TASK PROMPT
Would you output the entries below only from the line containing "51번째 위클리시 학교에서" through the line containing "11月19日,中国化工学会会", exactly as they stand and with both ends included?

EXTRACTED INFORMATION
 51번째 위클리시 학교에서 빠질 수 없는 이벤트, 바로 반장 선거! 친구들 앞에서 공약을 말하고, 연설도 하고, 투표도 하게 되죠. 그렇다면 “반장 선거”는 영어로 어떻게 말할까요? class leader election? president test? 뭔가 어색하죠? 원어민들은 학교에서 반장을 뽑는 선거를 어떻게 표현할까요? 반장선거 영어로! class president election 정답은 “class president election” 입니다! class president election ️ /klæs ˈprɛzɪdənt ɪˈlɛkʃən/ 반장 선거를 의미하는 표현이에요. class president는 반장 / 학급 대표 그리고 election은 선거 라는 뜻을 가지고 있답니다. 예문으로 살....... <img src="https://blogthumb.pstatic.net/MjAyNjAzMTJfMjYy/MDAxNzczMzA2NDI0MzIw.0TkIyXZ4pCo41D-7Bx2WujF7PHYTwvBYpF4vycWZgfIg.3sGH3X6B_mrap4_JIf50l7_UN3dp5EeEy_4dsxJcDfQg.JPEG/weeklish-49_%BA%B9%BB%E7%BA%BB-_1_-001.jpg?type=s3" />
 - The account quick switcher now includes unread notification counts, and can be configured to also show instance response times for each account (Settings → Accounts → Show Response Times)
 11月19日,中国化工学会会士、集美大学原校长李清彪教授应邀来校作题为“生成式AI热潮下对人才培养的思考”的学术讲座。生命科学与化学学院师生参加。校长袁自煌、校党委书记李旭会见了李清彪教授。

---

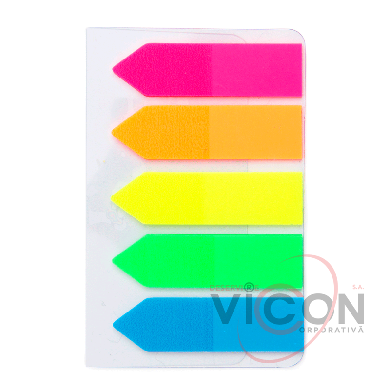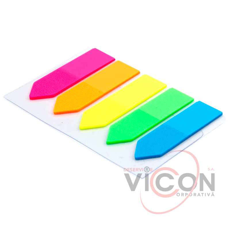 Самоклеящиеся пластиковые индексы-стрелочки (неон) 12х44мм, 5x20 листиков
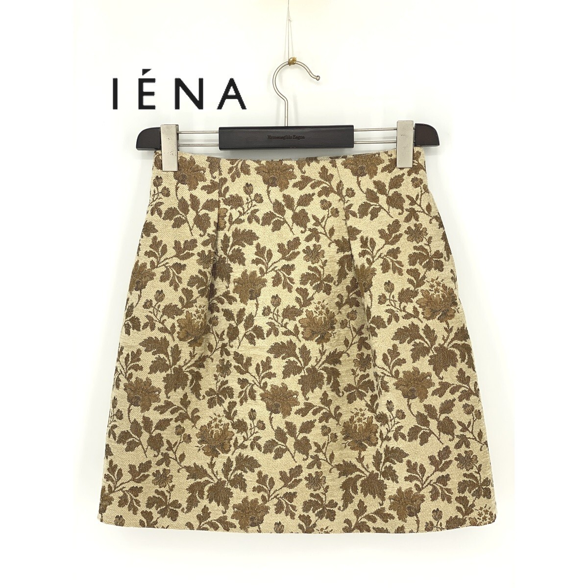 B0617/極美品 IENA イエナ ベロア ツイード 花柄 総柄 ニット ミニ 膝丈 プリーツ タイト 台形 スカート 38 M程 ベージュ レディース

RESPONSE BELOW
 51번째 위클리시 학교에서 빠질 수 없는 이벤트, 바로 반장 선거! 친구들 앞에서 공약을 말하고, 연설도 하고, 투표도 하게 되죠. 그렇다면 “반장 선거”는 영어로 어떻게 말할까요? class leader election? president test? 뭔가 어색하죠? 원어민들은 학교에서 반장을 뽑는 선거를 어떻게 표현할까요? 반장선거 영어로! class president election 정답은 “class president election” 입니다! class president election ️ /klæs ˈprɛzɪdənt ɪˈlɛkʃən/ 반장 선거를 의미하는 표현이에요. class president는 반장 / 학급 대표 그리고 election은 선거 라는 뜻을 가지고 있답니다. 예문으로 살....... <img src="https://blogthumb.pstatic.net/MjAyNjAzMTJfMjYy/MDAxNzczMzA2NDI0MzIw.0TkIyXZ4pCo41D-7Bx2WujF7PHYTwvBYpF4vycWZgfIg.3sGH3X6B_mrap4_JIf50l7_UN3dp5EeEy_4dsxJcDfQg.JPEG/weeklish-49_%BA%B9%BB%E7%BA%BB-_1_-001.jpg?type=s3" />
 - The account quick switcher now includes unread notification counts, and can be configured to also show instance response times for each account (Settings → Accounts → Show Response Times)
 11月19日,中国化工学会会士、集美大学原校长李清彪教授应邀来校作题为“生成式AI热潮下对人才培养的思考”的学术讲座。生命科学与化学学院师生参加。校长袁自煌、校党委书记李旭会见了李清彪教授。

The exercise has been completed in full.